• _Exercise_:
Without including any pictures, write out the listing below exactly.
Extracted data Block Start
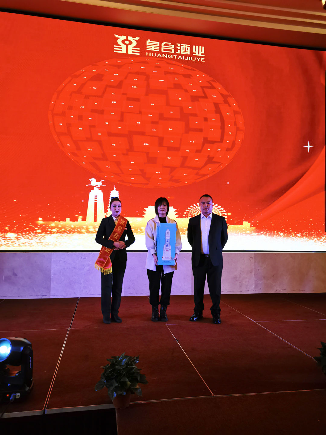 甘肅日新皇臺(tái)酒銷(xiāo)售有限公司副總經(jīng)理王玉強(qiáng)為一等獎(jiǎng)獲得者頒獎(jiǎng)
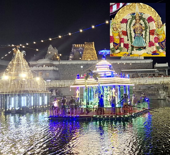 மகா சக்தி பீடங்களில் ஒன்றாக இருந்து வருவது காஞ்சிபுரம் காமாட்சி அம்மன் கோயில். இக்கோயில் தெப்பத் திருவிழாவையொட்டி லட்சுமி, சரஸ்வதி தேவியருடன் உற்சவா் காமாட்சி கோயில் அலங்கார மண்டபத்திலிருந்து மங்கல மேள வாத்தியங்களுடன் ஆலய வளாகத்தில் உள்ள குளத்திற்கு எழுந்தருளினாா். அங்கு நிறம் மாறும் வண்ண மின் விளக்குகளால் அலங்கரிக்கப்பட்டிருந்த தெப்பத்தில் அமா்ந்து திருக்குளத்தை 3 முறை வலம் வந்தாா்.
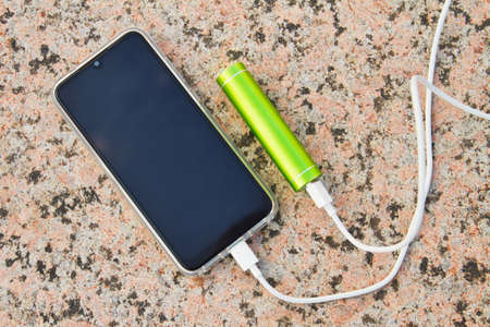 Smartphone and external power bank lie on the granite surface in the park while charging
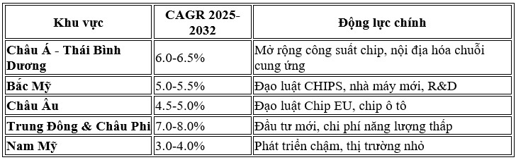 • Khắc axit: CAGR 6.5% (công nghệ 3D, nút tiên tiến)
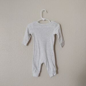 Carter's pajamas that say "eat, sleep, play, repeat" on the front. They have a little rust stain spot from a dummy string. Could come off with some work I'm sure.
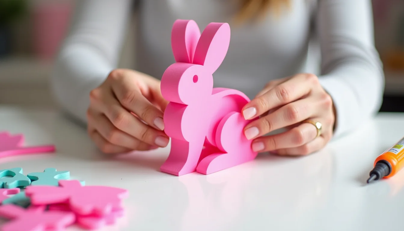 - Passo 3: Recorte as Peças – Use tesoura ou estilete para cortar todas as partes do coelho.
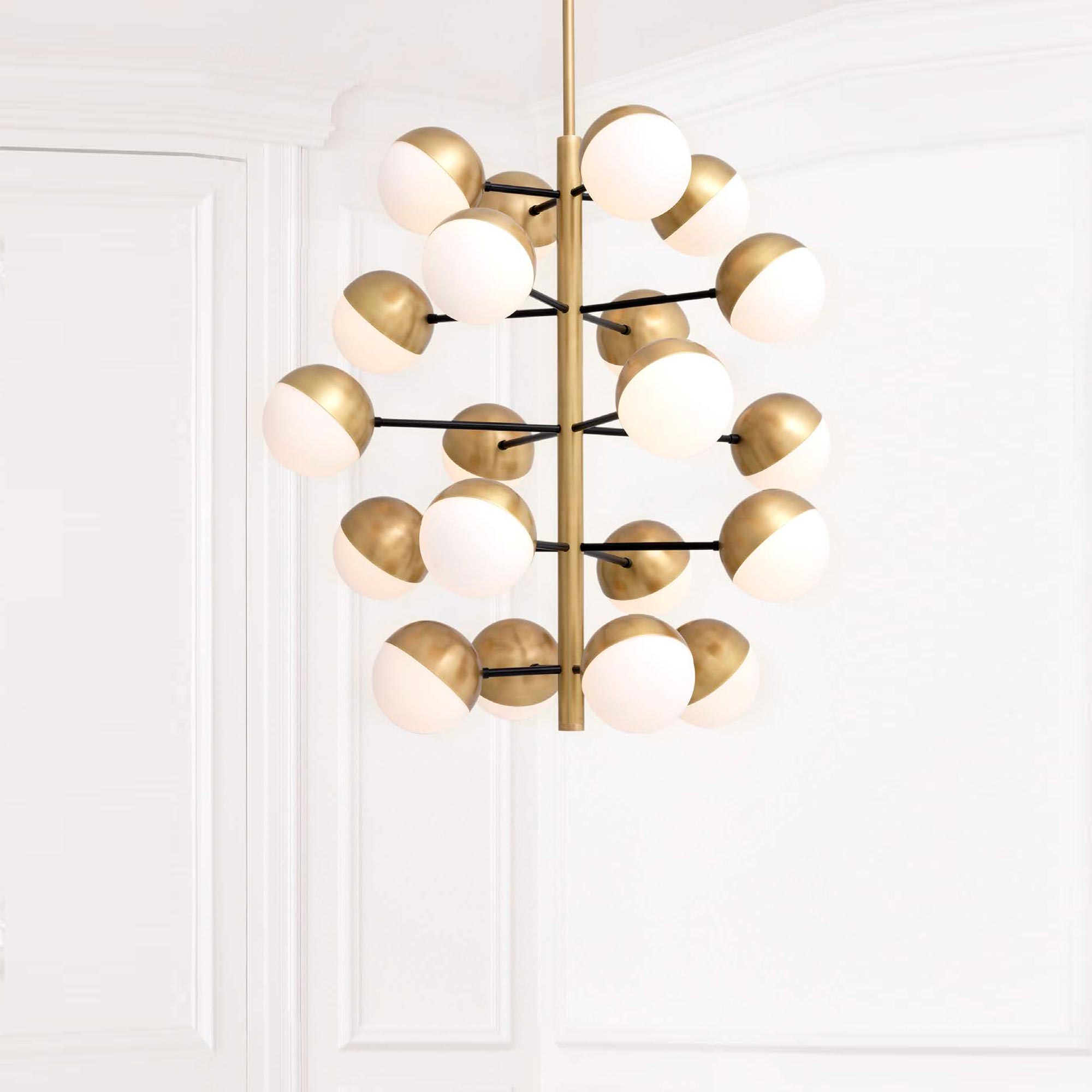 Present sophisticated formal spaces with the playful lines of the Cona Chandelier from EICHHOLTZ Lighting. Inspired by elements of Mid-Century Modern design, this charming chandelier lends a dazzling array of glowing orbs for a captivating and delightful lighting piece in dining areas and grand interiors.
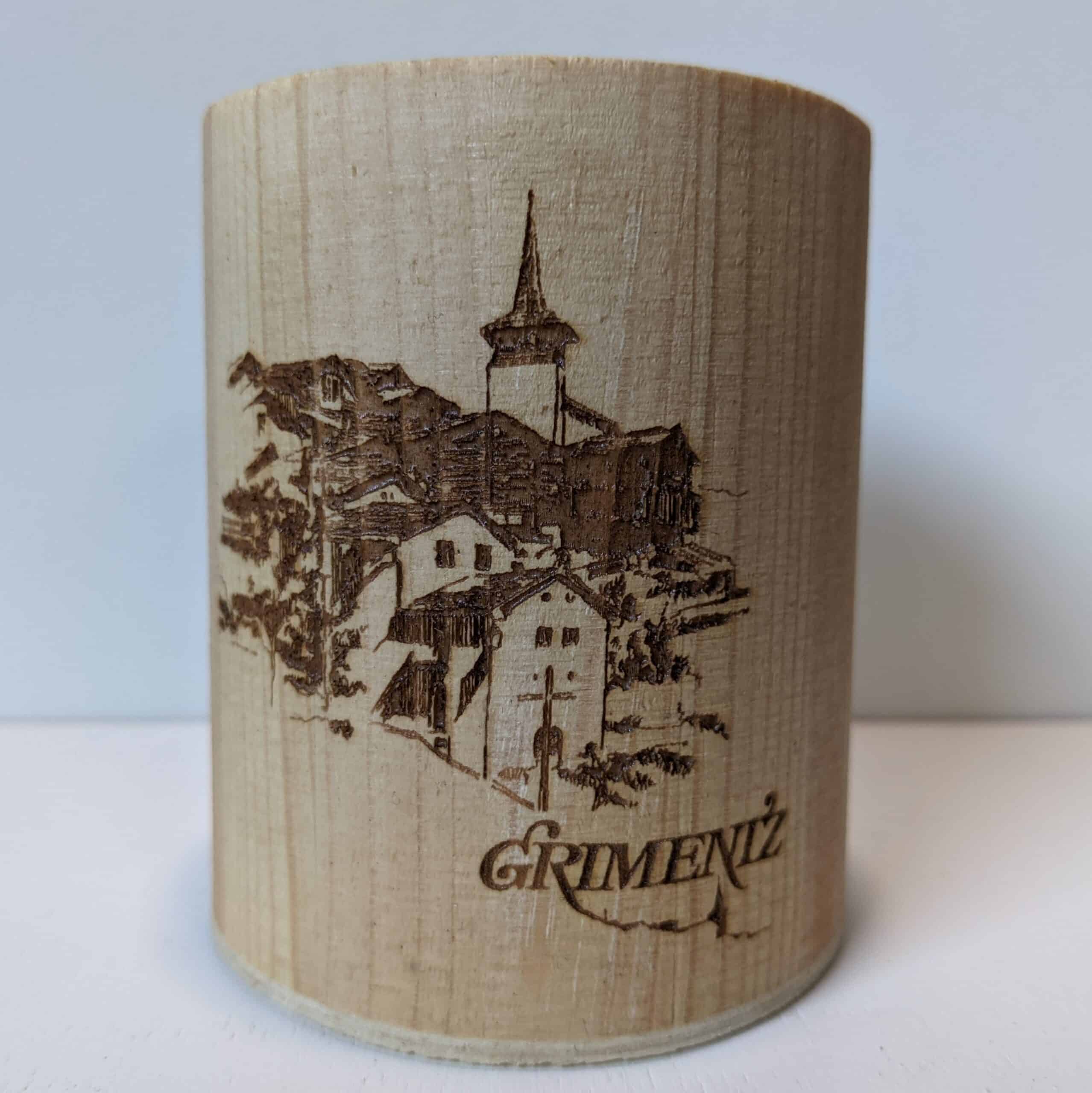 Gobelet décoratif en bois avec gravure du vieux village de Grimentz.
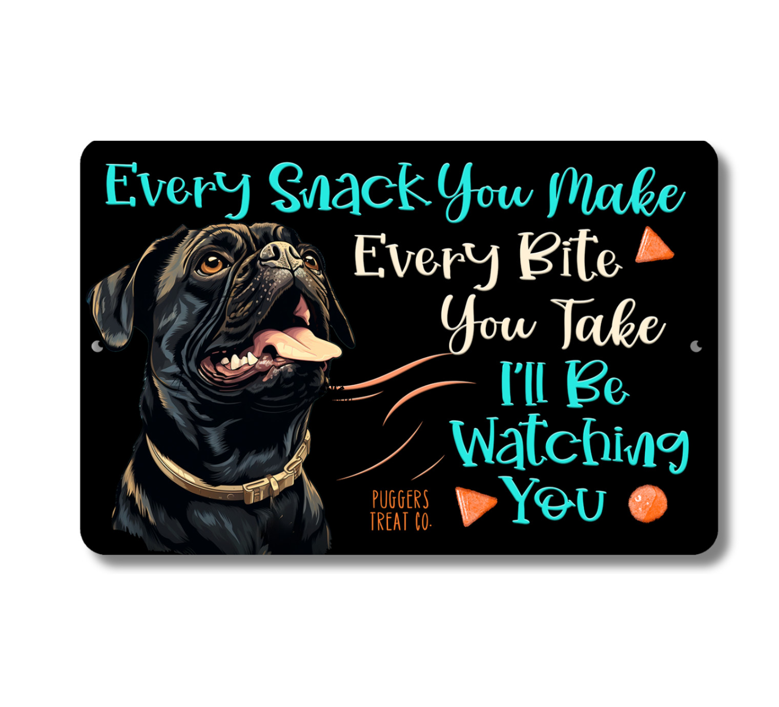 Pug treat sign every snack you make black dog handmade metal tin indoor outdoor
Extracted data Block End
• _Answer below_:
 甘肅日新皇臺(tái)酒銷(xiāo)售有限公司副總經(jīng)理王玉強(qiáng)為一等獎(jiǎng)獲得者頒獎(jiǎng)
 மகா சக்தி பீடங்களில் ஒன்றாக இருந்து வருவது காஞ்சிபுரம் காமாட்சி அம்மன் கோயில். இக்கோயில் தெப்பத் திருவிழாவையொட்டி லட்சுமி, சரஸ்வதி தேவியருடன் உற்சவா் காமாட்சி கோயில் அலங்கார மண்டபத்திலிருந்து மங்கல மேள வாத்தியங்களுடன் ஆலய வளாகத்தில் உள்ள குளத்திற்கு எழுந்தருளினாா். அங்கு நிறம் மாறும் வண்ண மின் விளக்குகளால் அலங்கரிக்கப்பட்டிருந்த தெப்பத்தில் அமா்ந்து திருக்குளத்தை 3 முறை வலம் வந்தாா்.
 Smartphone and external power bank lie on the granite surface in the park while charging
 • Khắc axit: CAGR 6.5% (công nghệ 3D, nút tiên tiến)
 Carter's pajamas that say "eat, sleep, play, repeat" on the front. They have a little rust stain spot from a dummy string. Could come off with some work I'm sure.
 - Passo 3: Recorte as Peças – Use tesoura ou estilete para cortar todas as partes do coelho.
 Present sophisticated formal spaces with the playful lines of the Cona Chandelier from EICHHOLTZ Lighting. Inspired by elements of Mid-Century Modern design, this charming chandelier lends a dazzling array of glowing orbs for a captivating and delightful lighting piece in dining areas and grand interiors.
 Gobelet décoratif en bois avec gravure du vieux village de Grimentz.
 Pug treat sign every snack you make black dog handmade metal tin indoor outdoor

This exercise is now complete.